## To do
Transcribe each line of the material as it is, and drop any picture.

Start of Dataset content

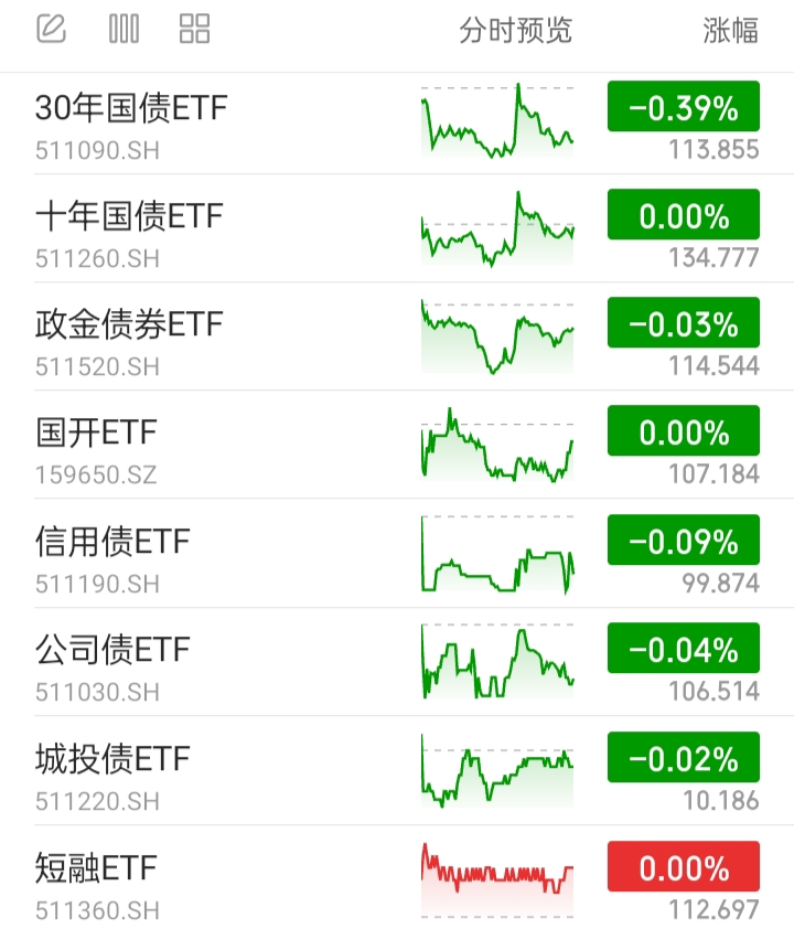信用债ETF、公司债ETF、城投债ETF,代表信用债基。全部下跌
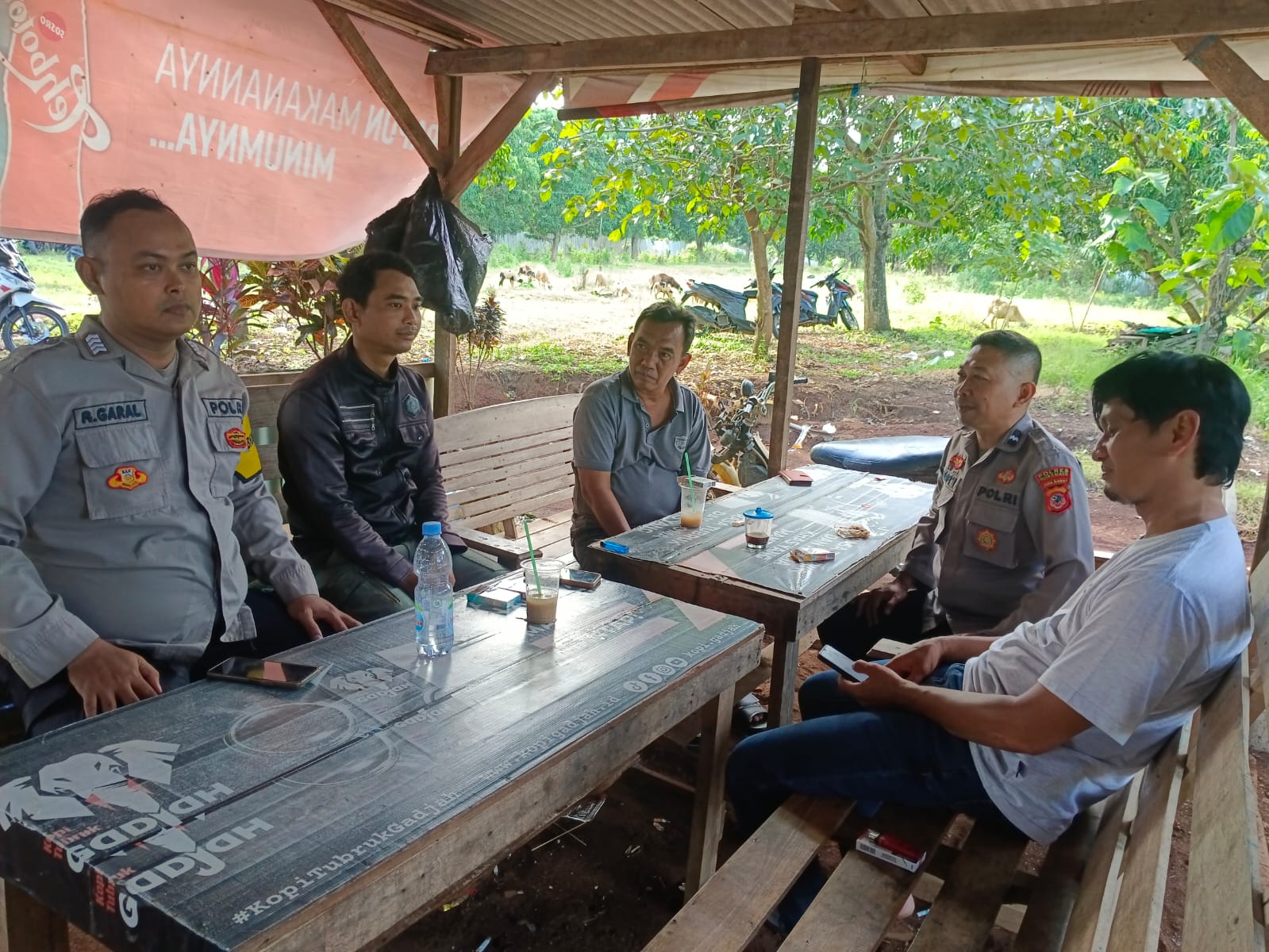 Dalam kegiatan tersebut, petugas berdiskusi santai bersama warga di sebuah warung sederhana, membahas kondisi keamanan lingkungan sekitar.
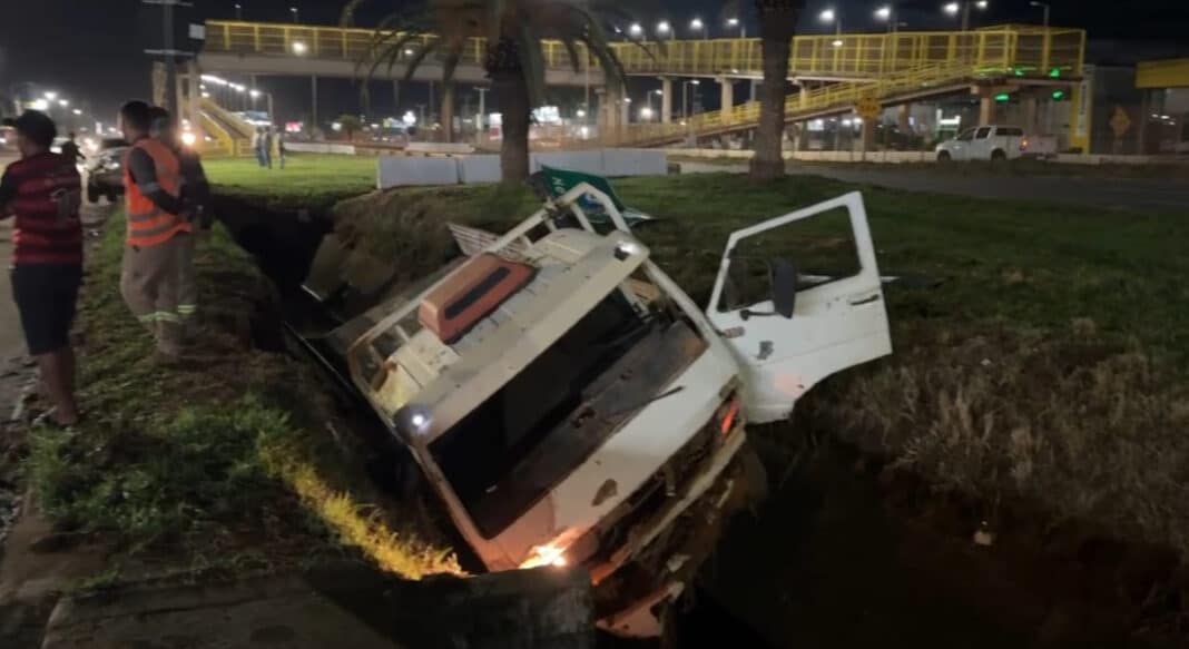 Com o impacto, o caminhão caiu na vala de escoamento e o carro teve danos consideráveis na parte traseira.

End of Dataset content

## Result of the exercise
信用债ETF、公司债ETF、城投债ETF,代表信用债基。全部下跌
 Dalam kegiatan tersebut, petugas berdiskusi santai bersama warga di sebuah warung sederhana, membahas kondisi keamanan lingkungan sekitar.
 Com o impacto, o caminhão caiu na vala de escoamento e o carro teve danos consideráveis na parte traseira.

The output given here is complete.